▸ Required action
The lines to reproduce from the material below are those from the one containing "오류작가 / 낙하/ 캔버스, 네임펜,아크릴물감/" through the one containing "Штани Тканина: вельвет", both included; write them out exactly and add nothing.

═══ Exercise material

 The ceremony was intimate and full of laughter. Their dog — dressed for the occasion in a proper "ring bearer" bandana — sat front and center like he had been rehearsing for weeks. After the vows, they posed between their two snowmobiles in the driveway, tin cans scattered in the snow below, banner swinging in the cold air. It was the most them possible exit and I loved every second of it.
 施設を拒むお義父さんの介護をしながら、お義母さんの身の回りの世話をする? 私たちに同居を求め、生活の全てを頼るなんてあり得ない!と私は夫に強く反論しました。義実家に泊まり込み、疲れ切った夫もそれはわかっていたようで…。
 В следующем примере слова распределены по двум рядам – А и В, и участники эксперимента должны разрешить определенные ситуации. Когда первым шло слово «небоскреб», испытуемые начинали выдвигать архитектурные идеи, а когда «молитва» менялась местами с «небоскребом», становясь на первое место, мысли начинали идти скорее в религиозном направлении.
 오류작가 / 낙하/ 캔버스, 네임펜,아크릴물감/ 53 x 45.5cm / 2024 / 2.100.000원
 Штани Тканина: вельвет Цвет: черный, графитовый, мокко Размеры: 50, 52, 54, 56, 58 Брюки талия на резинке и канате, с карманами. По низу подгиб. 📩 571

══════
═══ Exercise material

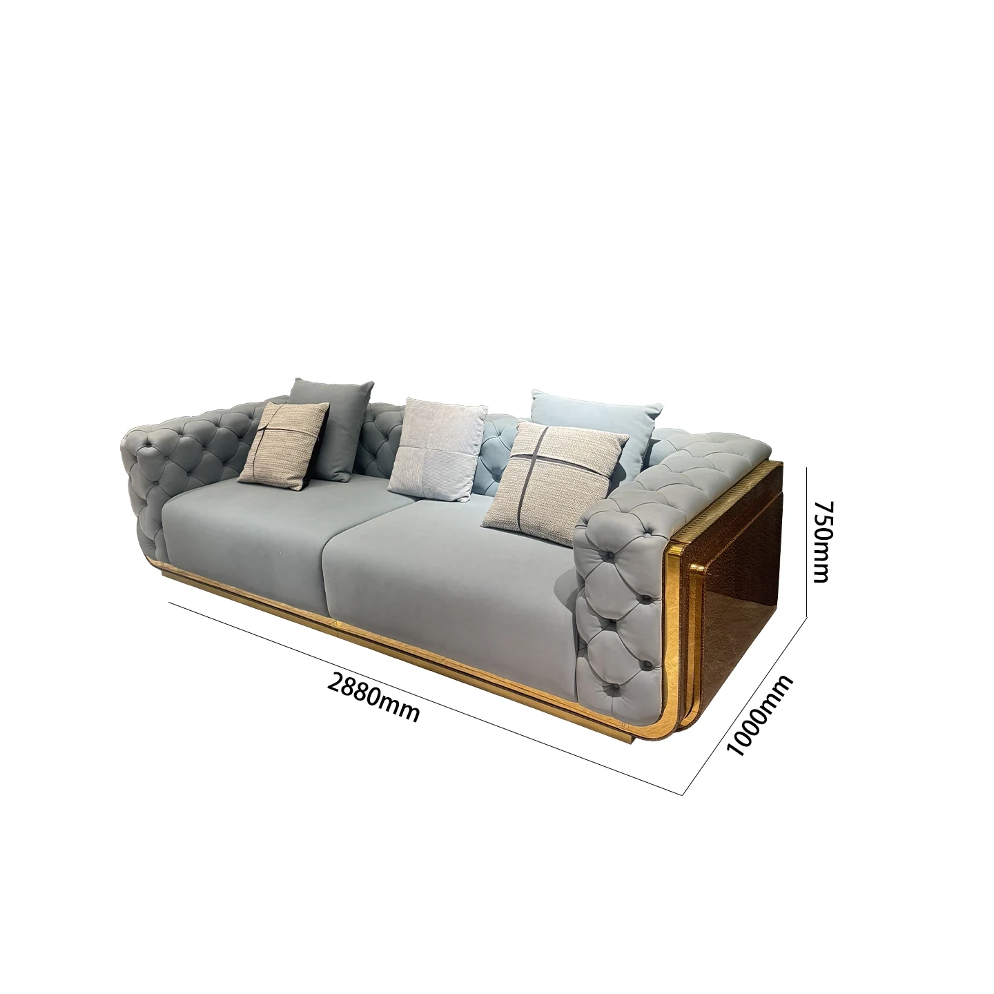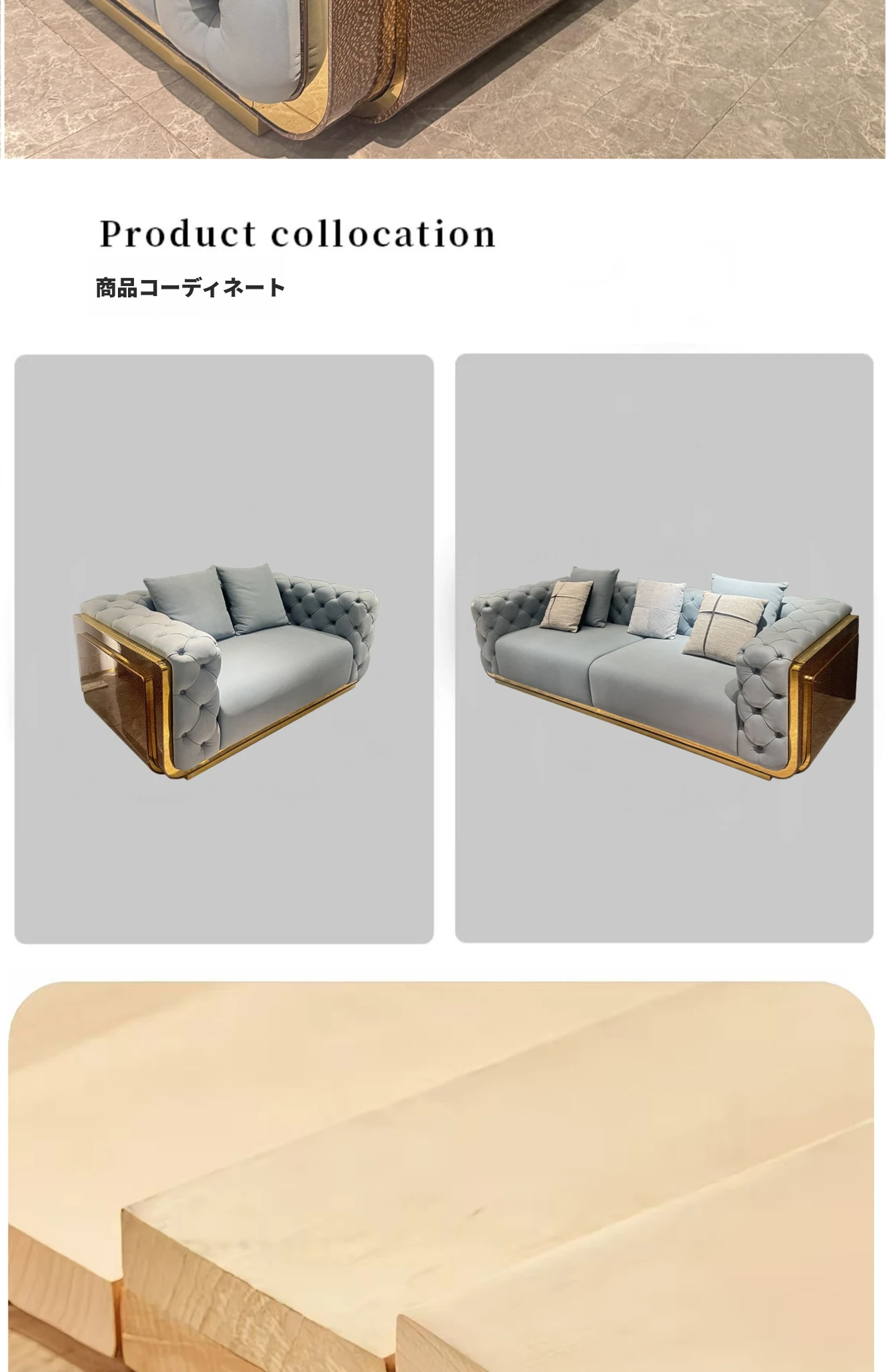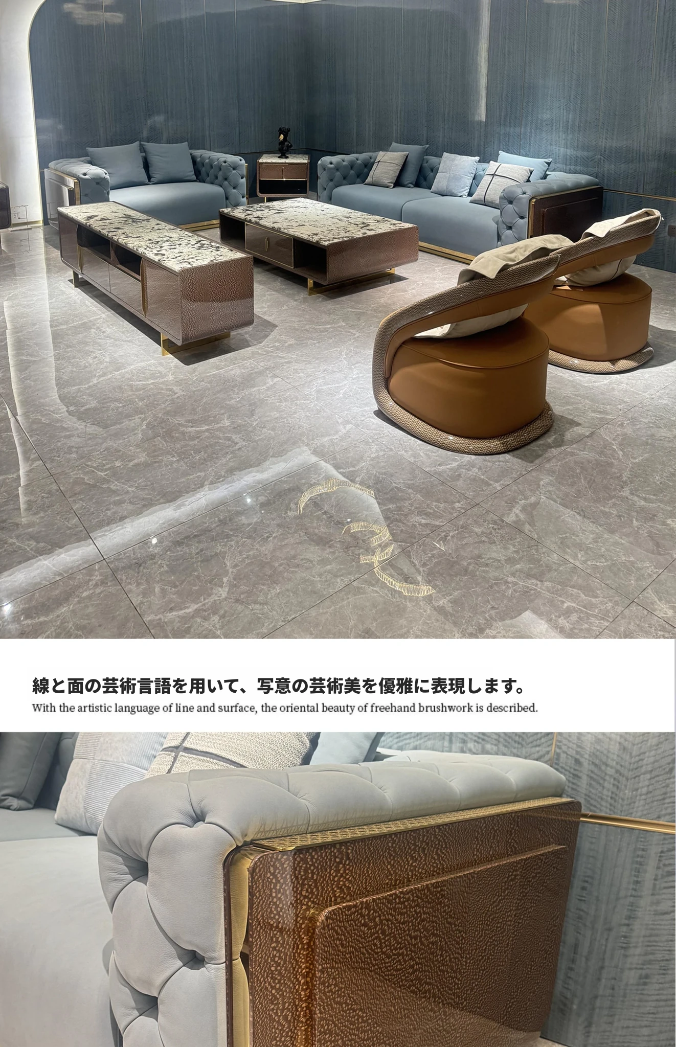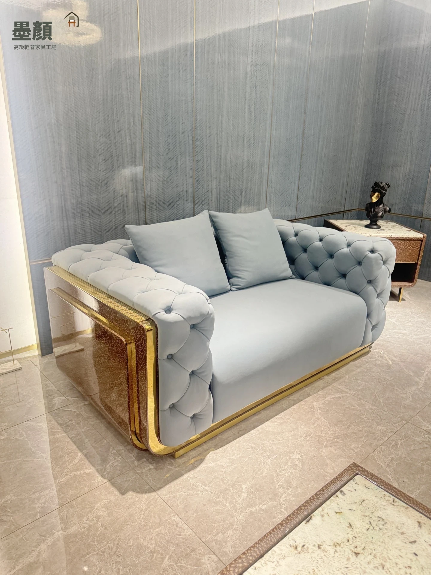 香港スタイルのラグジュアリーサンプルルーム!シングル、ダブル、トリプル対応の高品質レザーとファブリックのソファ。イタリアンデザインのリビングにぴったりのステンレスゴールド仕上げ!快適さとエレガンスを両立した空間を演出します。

══════

▸ Task answer
 오류작가 / 낙하/ 캔버스, 네임펜,아크릴물감/ 53 x 45.5cm / 2024 / 2.100.000원
 Штани Тканина: вельвет Цвет: черный, графитовый, мокко Размеры: 50, 52, 54, 56, 58 Брюки талия на резинке и канате, с карманами. По низу подгиб. 📩 571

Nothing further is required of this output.